= REQUIREMENT =
The data should be written out in full, exactly as it stands, and the pictures dropped.

----- DATA BELOW -----

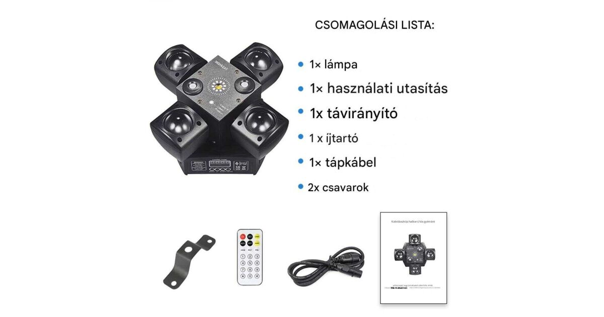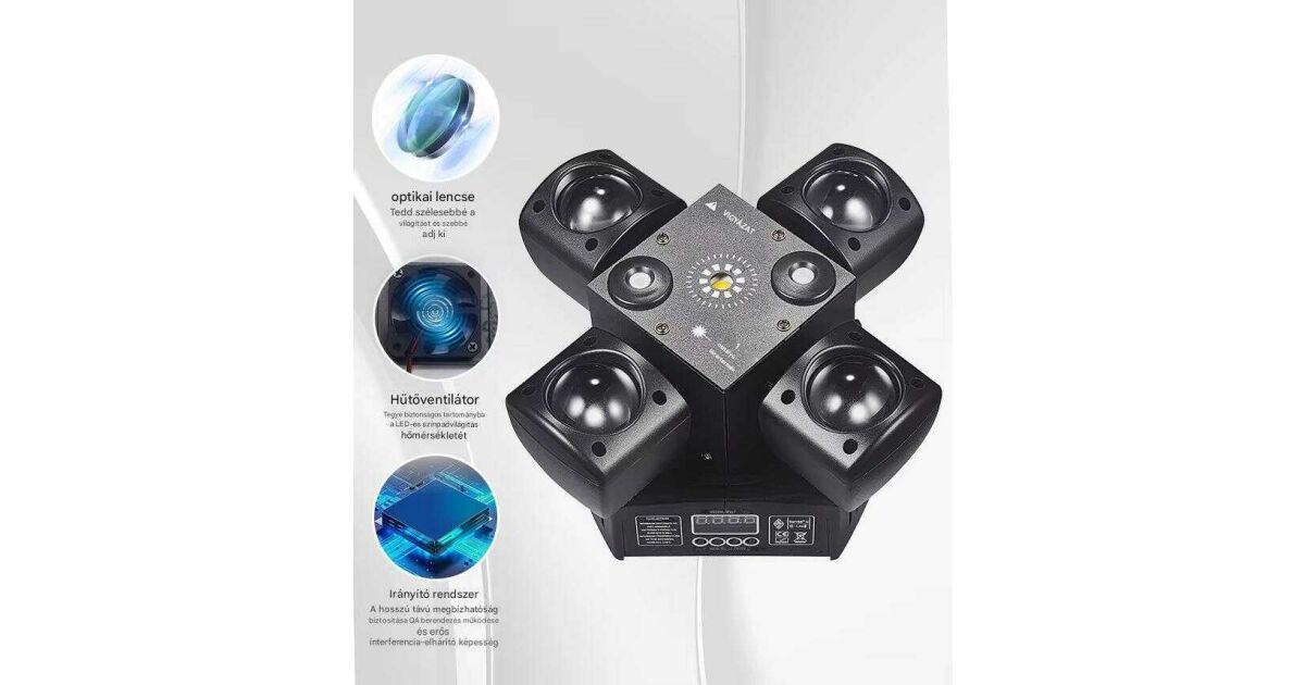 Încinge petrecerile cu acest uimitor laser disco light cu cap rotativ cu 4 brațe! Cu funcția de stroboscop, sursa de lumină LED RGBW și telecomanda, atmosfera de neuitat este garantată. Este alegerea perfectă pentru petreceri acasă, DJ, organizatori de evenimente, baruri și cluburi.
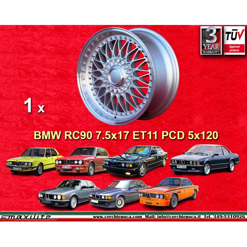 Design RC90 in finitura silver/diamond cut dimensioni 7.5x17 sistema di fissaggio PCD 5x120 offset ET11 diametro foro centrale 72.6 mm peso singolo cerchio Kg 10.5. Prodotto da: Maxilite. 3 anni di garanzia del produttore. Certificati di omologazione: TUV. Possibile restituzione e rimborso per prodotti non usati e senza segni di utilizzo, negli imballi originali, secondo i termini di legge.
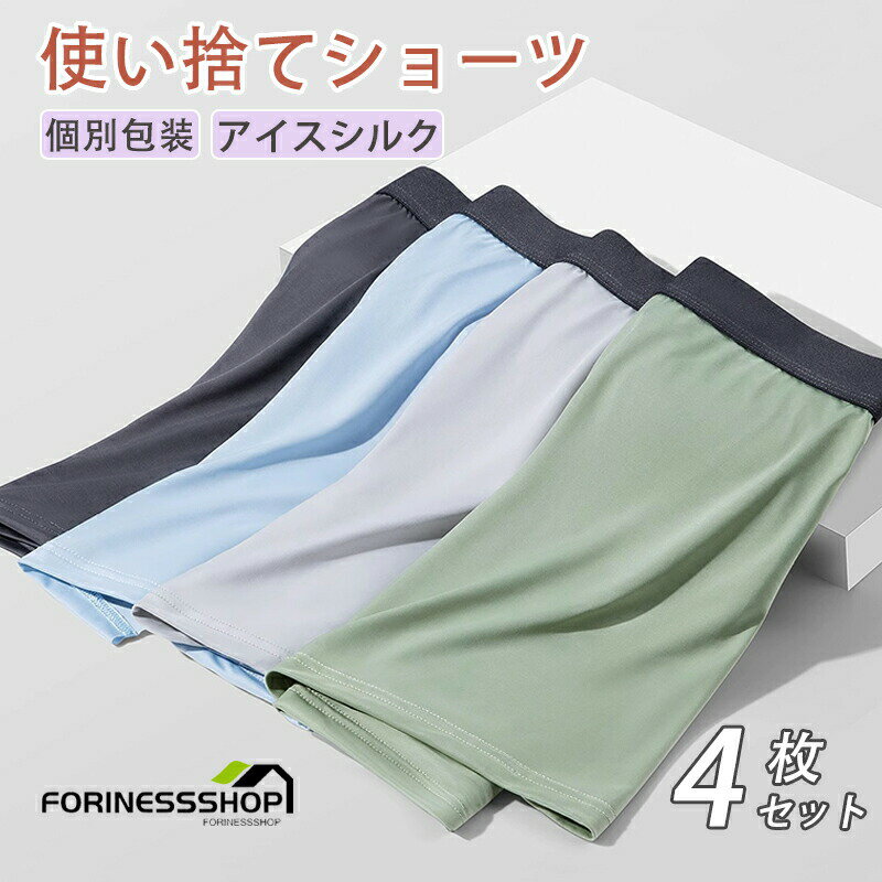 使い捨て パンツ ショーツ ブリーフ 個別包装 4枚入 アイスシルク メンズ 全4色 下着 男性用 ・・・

-----

= EXERCISE RESPONSE =
 Încinge petrecerile cu acest uimitor laser disco light cu cap rotativ cu 4 brațe! Cu funcția de stroboscop, sursa de lumină LED RGBW și telecomanda, atmosfera de neuitat este garantată. Este alegerea perfectă pentru petreceri acasă, DJ, organizatori de evenimente, baruri și cluburi.
 Design RC90 in finitura silver/diamond cut dimensioni 7.5x17 sistema di fissaggio PCD 5x120 offset ET11 diametro foro centrale 72.6 mm peso singolo cerchio Kg 10.5. Prodotto da: Maxilite. 3 anni di garanzia del produttore. Certificati di omologazione: TUV. Possibile restituzione e rimborso per prodotti non usati e senza segni di utilizzo, negli imballi originali, secondo i termini di legge.
 使い捨て パンツ ショーツ ブリーフ 個別包装 4枚入 アイスシルク メンズ 全4色 下着 男性用 ・・・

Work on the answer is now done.